Your goal: Print exactly the line that contains "For example, a", then every following line through the end of the material; include nothing else and no pictures.
********************
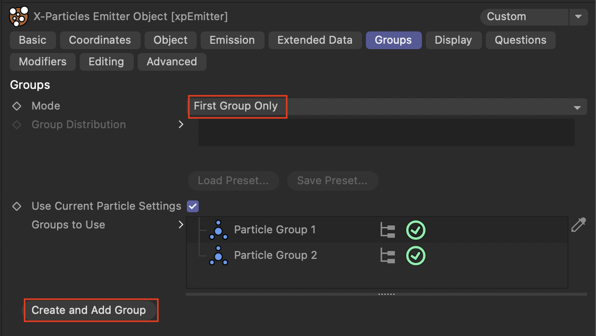 - 방출기 그룹 탭에서 그룹을 두 번 추가하여 첫 번째 그룹에 모든 파티클을 넣고, 두 번째 그룹에만 수정자가 영향을 미치도록 설정합니다.
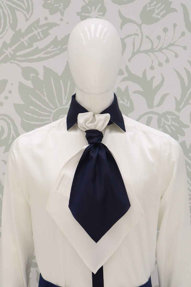 Ricercato accessorio da collo, il plastron per abito da sposo uomo, richiama alla memoria gli accessori utilizzati dal Settecento all’Ottocento.
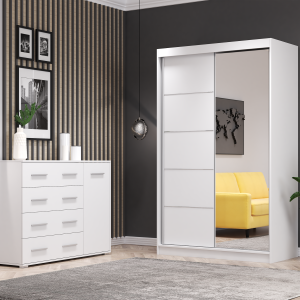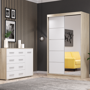 Iekļauts drēbju skapis un kumode NEOMI 05 FRIDA 02 Neomi – moderns skapis ar spoguli modernās krāsu kombinācijās. Tas lieliski iederēsies. daudzos interjeros: guļamistabā, dzīvojamā istabā, bērnistabā vai ģērbtuvē. Bīdāmo durvju sistēma padara to viegli lietojamu un neaizņem vietu. Tas ir sadalīts divās daļās, aprīkots ar vairākiem plašiem plauktiem un stieni. Priekšā novietots spogulis dekorēs un optiski palielinās telpu. Kumode Frida 02 jūs pārsteigs. augstākaisżaugstākaisą funkcionalitāte, skapjos paslēpto atvilktņu un plauktu kombinācija ir ideāla. viesistabā, guļamistabā un jebkurā citā telpā, kur to var izmantot. uzglabāšanas funkcijas. Turklāt mēbeles var aprīkot ar konteiners ar trim atvilktnēm.
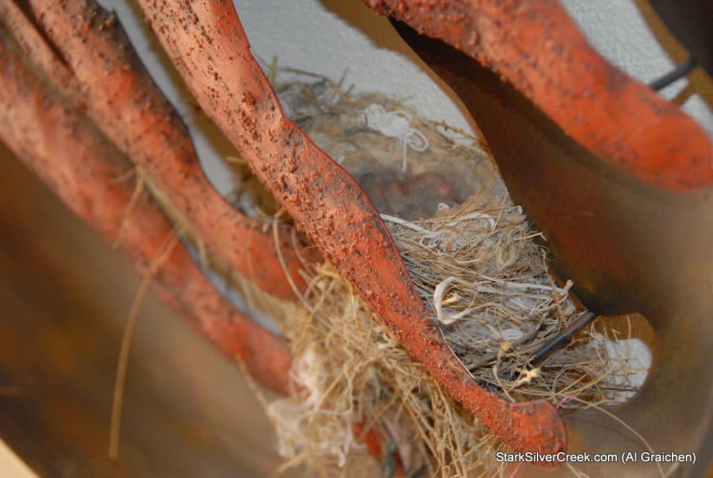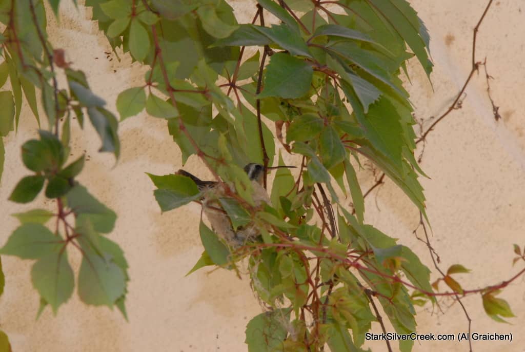 As I was inspecting one of the poorly executed warranty repairs by Ginax on the wall of my Casita, I noted that a hummingbird was hovering about 4 feet from me. I was standing on the second floor Juliet Balcony of our bedroom and just watched the bird move back and forth. Finally figuring I was not going to be any harm s/he darted below me to the garden off the first floor bedroom.
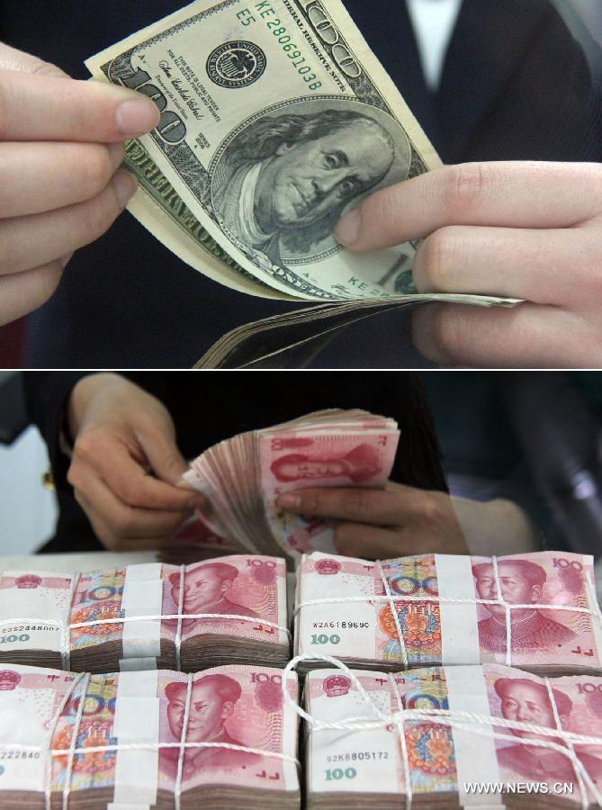 Combined photo taken on May 8, 2013 (upper) and April 11, 2013 (lower) shows workers counting U.S. dollar banknotes and Chinese currency Renminbi banknotes at a bank in Tancheng County of Linyi City, east China's Shandong Province. The Chinese currency Renminbi gained 103 basis points to 6.1980 against the U.S. dollar on Wednesday, according to the China Foreign Exchange Trading System. (Xinhua/Zhang Chunlei)
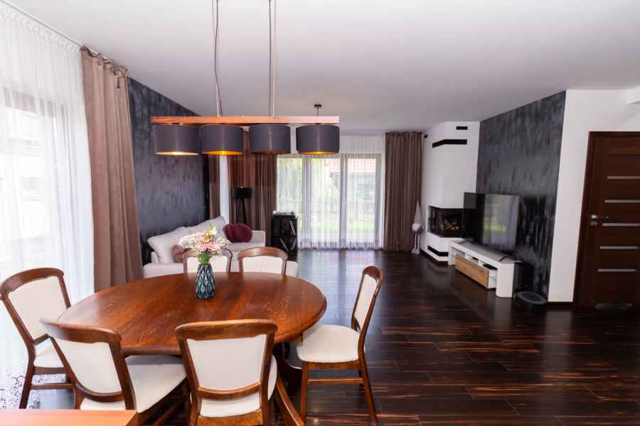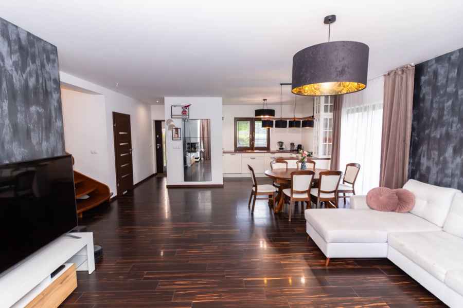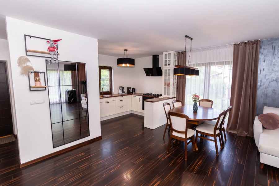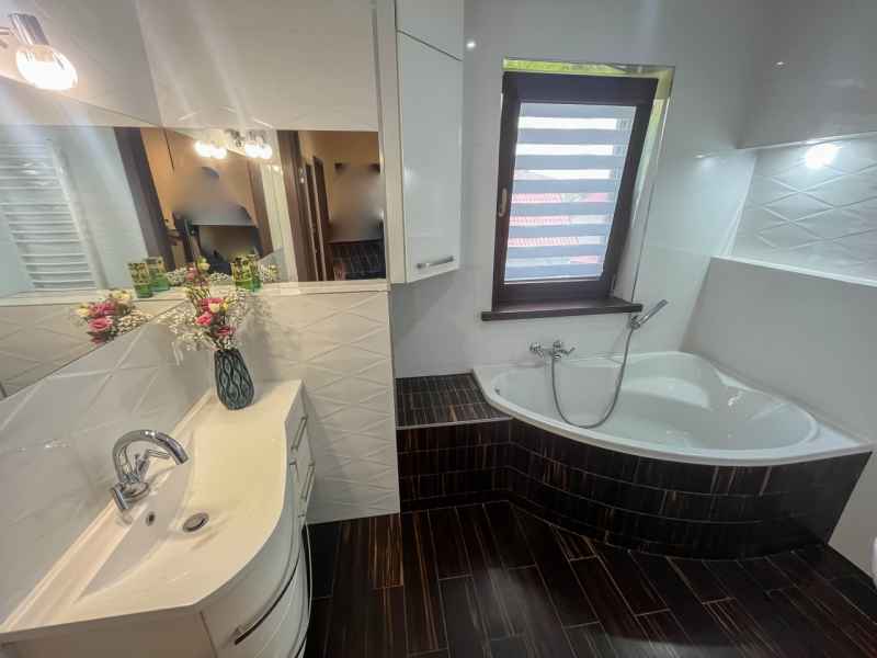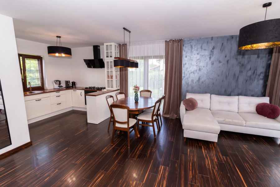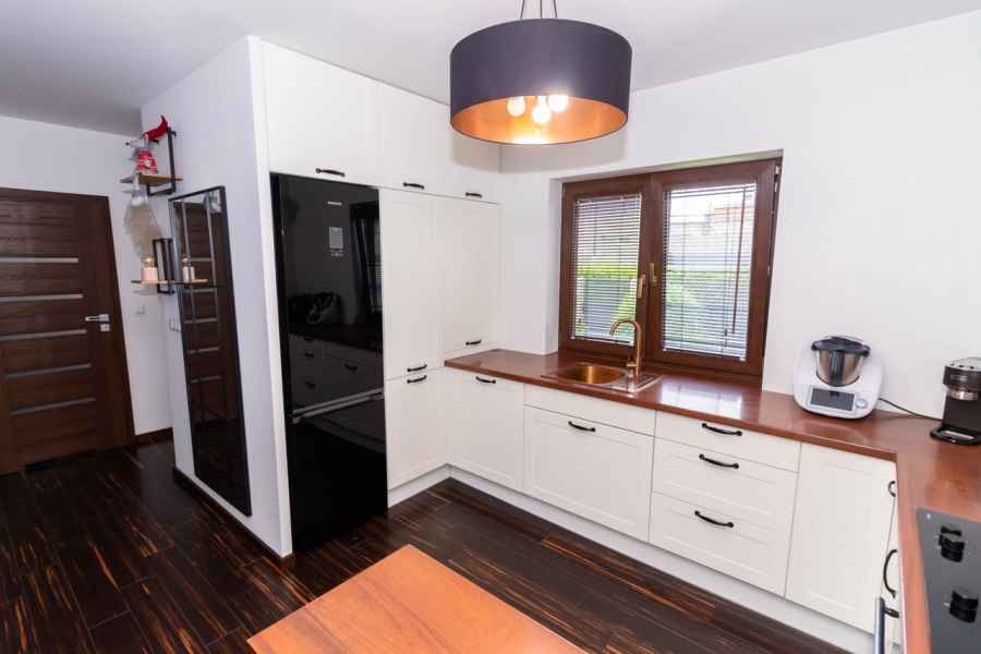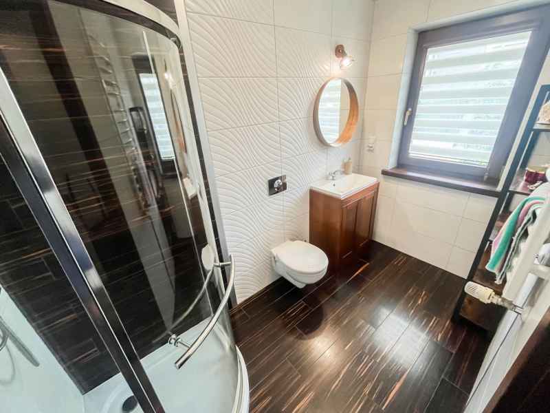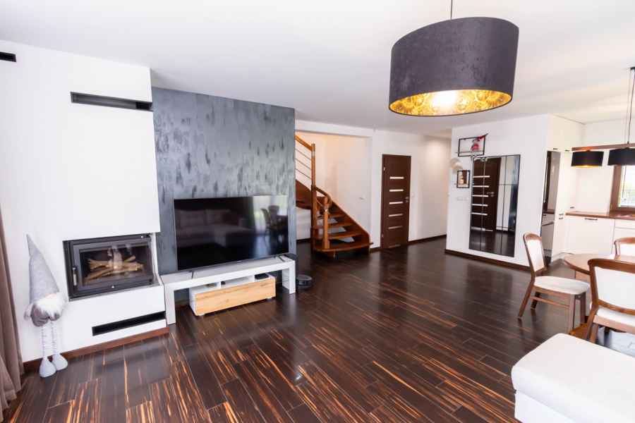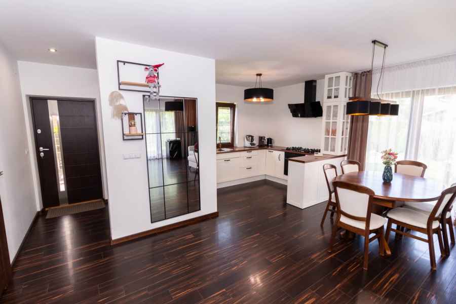Przestronny, widny dom wolnostojący o powierzchni użytkowej111,48m2 usytuowany na działce 542m2 w miejscowości Bodzechów na przedmieściach Ostrowca Świętokrzyskiego. Wybudowany w 2019r. wg projektu Z297 firmy Z500. Jest to projekt o prostej bryle z dachem dwuspadowym oraz piętrem o pełnej wysokości, bez skosów. Właściciele nieco powiększyli oryginalny projekt. Na parterze znajduje się przestronny, widny salon połączonym z jadalnią i kuchnią, łazienka z prysznicem oraz kotłownia/pralnia (z wyjściem na ogród). Salon to 26,7m2 powierzchni z bezpośrednim wyjściem na część ogrodową oraz klimatycznym kominkiem umilającym długie zimowe wieczory. W kuchni zamontowane meble w zabudowie z drewnianymi blatami. Kuchnia wyposażona w lodówkę, zmywarkę, 5-palnikową kuchnię gazową i piekarnik w zabudowie. W przedpokoju znajdują się szafy oraz siedzisko. Piętro to prywatna strefa domowników - łazienka z wanną i 3 sypialnie. Jedna z nich posiada pojemną garderobę oraz wyjście na balkon. Budynek posiada też obszerny strych. Stan murów i konstrukcji dachowej w stanie idealnym. Elewacja położona na części domu. Drzwi wejściowe przeciwwłamaniowe. Okna PVC Winergetic Pramium firmy Oknoplast zapewniające bardzo dobrą izolację termiczną. Na dachu dobrej jakości blachodachówka. Wszystkie instalacje sprawne. Dom ocieplony 15-centymetrową warstwą styropianu Termo Organika Gold, część dachowa ocieplona wełną mineralną Rockwool. Budynek ogrzewany automatycznym piecem gazowym. dwufunkcyjnym z zasobnikiem wody. W całości domu zamontowane zostało ogrzewanie podłogowe. Budynek bardzo ekonomiczny pod względem ogrzewania! Podłogi wyłożone terakotą i panelami. Parapety i wykończenia drewniane. Łazienki wykończone glazurą i terakotą. Balustrady i schody samonośne wykonane z drewna jesionowego. Na ścianach gładzie. Zamontowana również została stacja uzdatniania wody. Działka wyposażona we wszystkie potrzebne media.
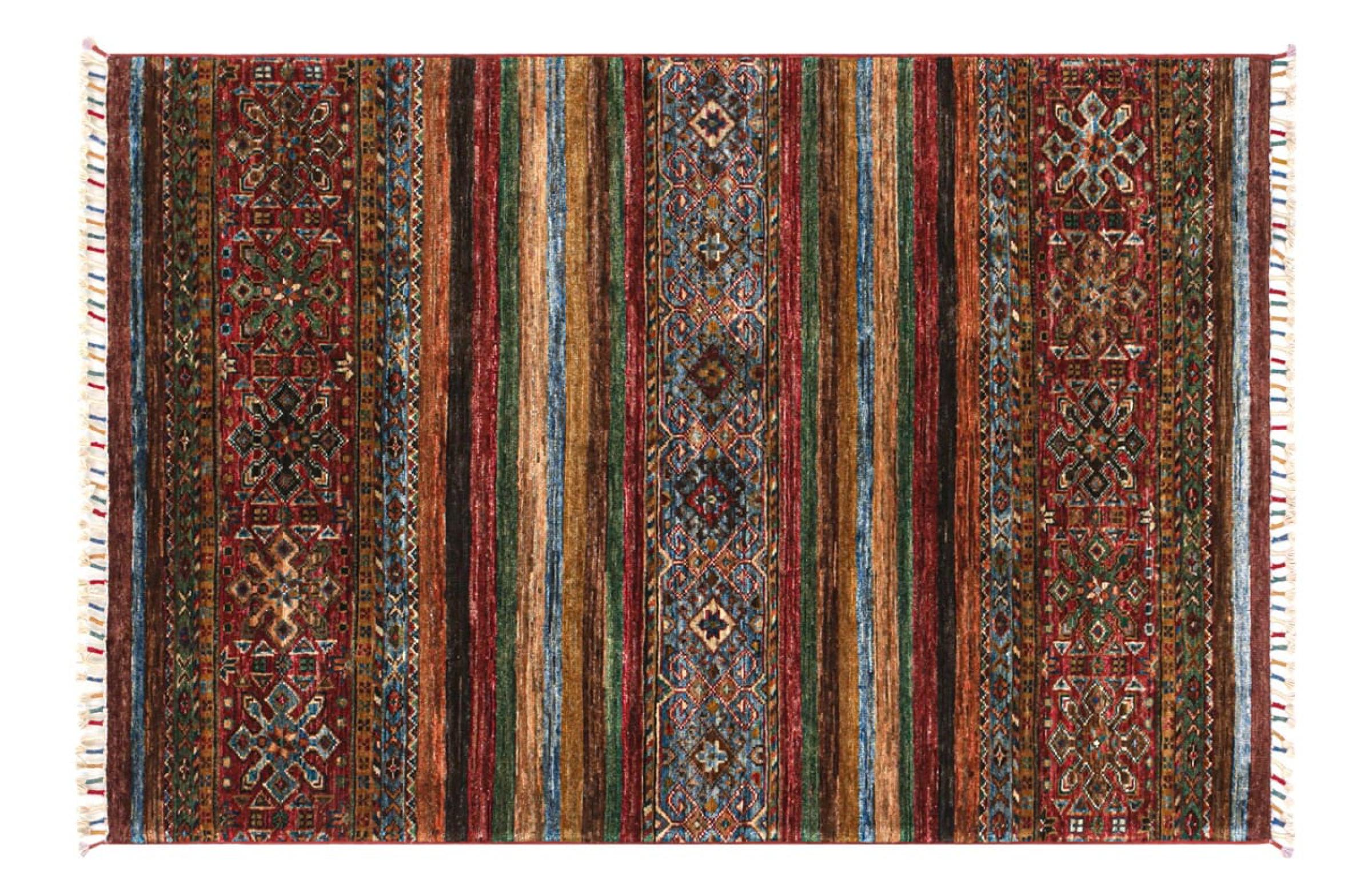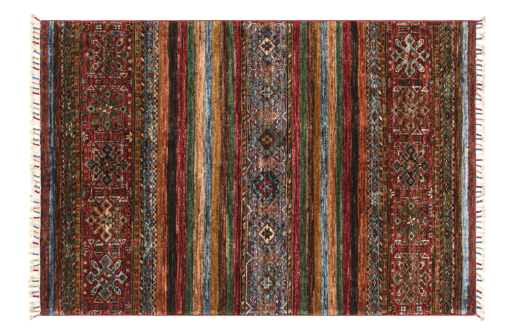 Covor Nr.: 299080008941618 Mărime: 152x105 cm Grosime: cca. 5 mm Noduri: 144 000 - 180 000 / m² Prelucrare: Lucrate de mână Catifeaua: Lână toarsă manual Urzeala: Bumbac Origine: Afganistan Vechime: Nou Greutate: cca. 6 kg În stoc: Unic - Doar 1 în stoc
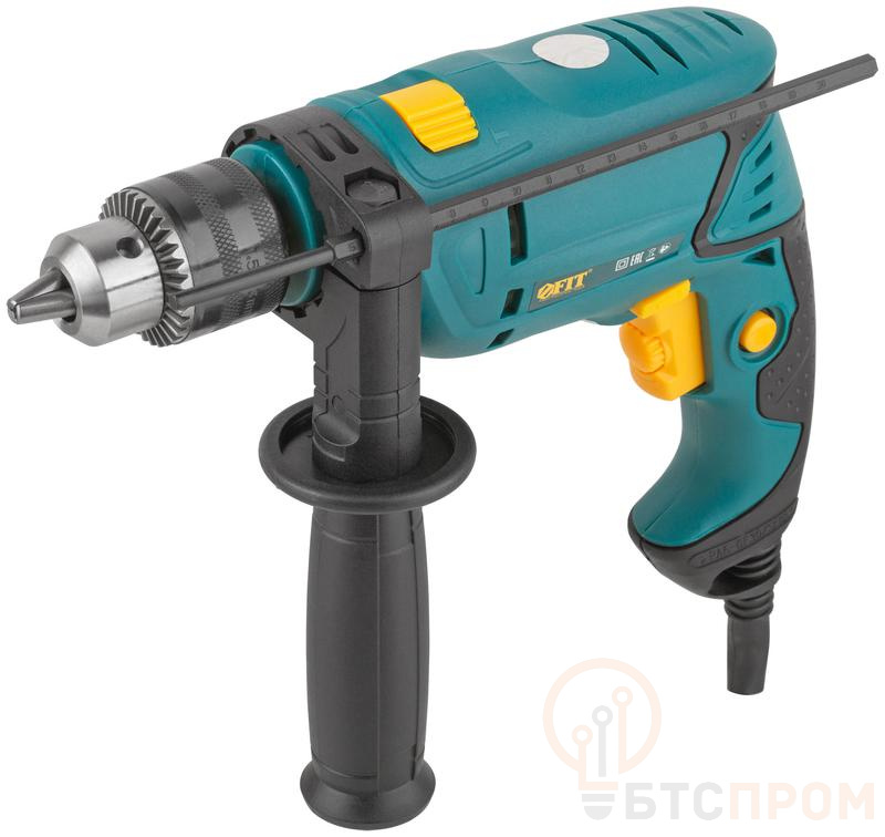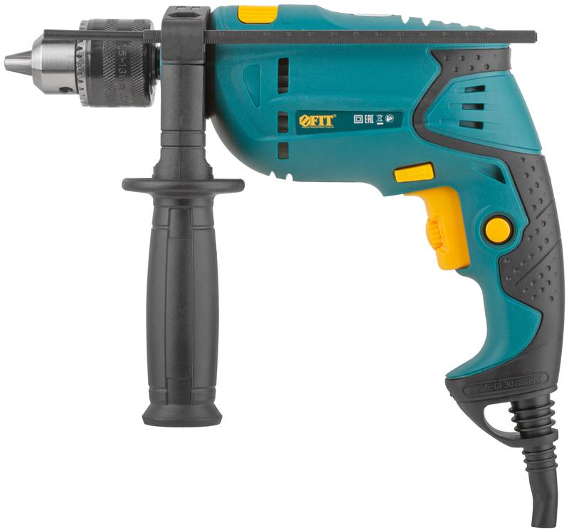 Дрель ударная FIT IT предназначена для закручивания, выкручивания шурупов и винтов; сверления отверстий в древесине, металле, пластмассе, а также в очень твердых материалах (бетон, камень). Может работать в ударном и безударном режиме. Ограничитель скорости вращения позволяет подобрать необходимую максимальную скорость при обработке различных материалов. Функция реверса позволяет изменять направление вращения. Дополнительная рукоятка способствует лучшему удержанию инструмента во время работы. Глубиномер позволяет ограничивать глубину сверления. Ключевой патрон дает возможность устанавливать сменный инструмент диаметром 1,5–13 мм. Резиновые вставки на корпусе предотвращают проскальзывание инструмента во время работы.
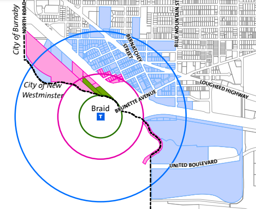 For example, a property on Gauthier Avenue might be close to Braid Station but getting there would likely be a 15-20 minute walk that crosses a highway.
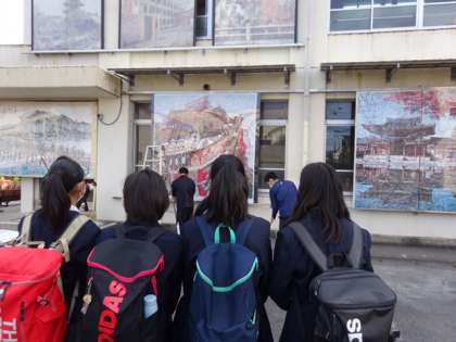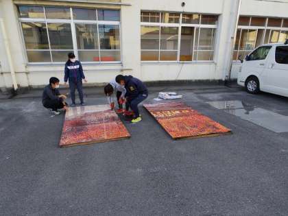 1・2年生が、それぞれで力を合わせて作った貼り絵の設置作業が行われました。
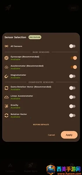 1. 专业校准:提供陀螺仪传感器精密校准功能,有效解决设备漂移问题,同时支持加速度计校准,确保运动数据输入更平滑、全面。
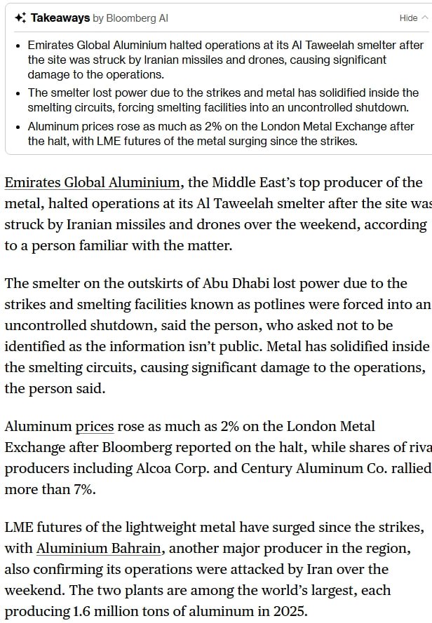 Кстати, как сообщает Bloomberg, в результате иранских ударов по алюминиевому заводу эмиратской компании Emirates Global Aluminium в районе Эт-Тавила в эмирате Абу-Даби (ОАЭ) завод был обесточен, произошла неконтролируемая остановка электролизных линий и алюминий застыл прямо внутри плавильных контуров. Под ударами и алюминиевый завод компании Aluminium Bahrain в Бахрейне. Алюминиевые заводы в ОАЭ и Бахрейне являлись одними из крупнейших в мире, каждый выпуская 1,6 млн т алюминия в год.
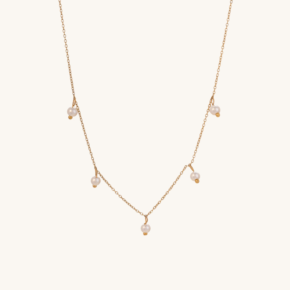 The necklace design showcases a collection of tiny pearl charms that exude timeless allure. Each pearl is meticulously selected for its exquisite luster and flawless quality, creating a necklace that is both captivating and refined. The delicate chain adds a subtle touch of femininity, allowing the pearls to shine as the focal point of the design.
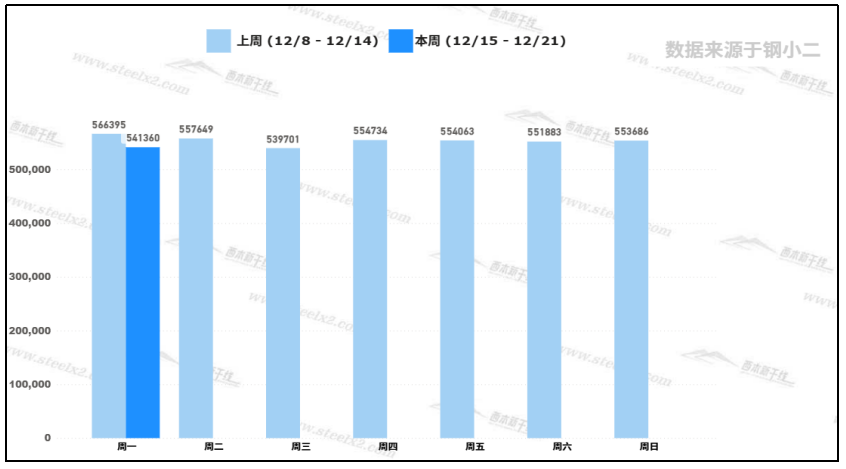 據(jù)鋼小二平臺樣本數(shù)據(jù),12月15日建筑鋼材社會庫存量為541,360噸,較上周五庫存量下降2.2%。
********************
Exercise response:
 For example, a property on Gauthier Avenue might be close to Braid Station but getting there would likely be a 15-20 minute walk that crosses a highway.
 1・2年生が、それぞれで力を合わせて作った貼り絵の設置作業が行われました。
 1. 专业校准:提供陀螺仪传感器精密校准功能,有效解决设备漂移问题,同时支持加速度计校准,确保运动数据输入更平滑、全面。
 Кстати, как сообщает Bloomberg, в результате иранских ударов по алюминиевому заводу эмиратской компании Emirates Global Aluminium в районе Эт-Тавила в эмирате Абу-Даби (ОАЭ) завод был обесточен, произошла неконтролируемая остановка электролизных линий и алюминий застыл прямо внутри плавильных контуров. Под ударами и алюминиевый завод компании Aluminium Bahrain в Бахрейне. Алюминиевые заводы в ОАЭ и Бахрейне являлись одними из крупнейших в мире, каждый выпуская 1,6 млн т алюминия в год.
 The necklace design showcases a collection of tiny pearl charms that exude timeless allure. Each pearl is meticulously selected for its exquisite luster and flawless quality, creating a necklace that is both captivating and refined. The delicate chain adds a subtle touch of femininity, allowing the pearls to shine as the focal point of the design.
 據(jù)鋼小二平臺樣本數(shù)據(jù),12月15日建筑鋼材社會庫存量為541,360噸,較上周五庫存量下降2.2%。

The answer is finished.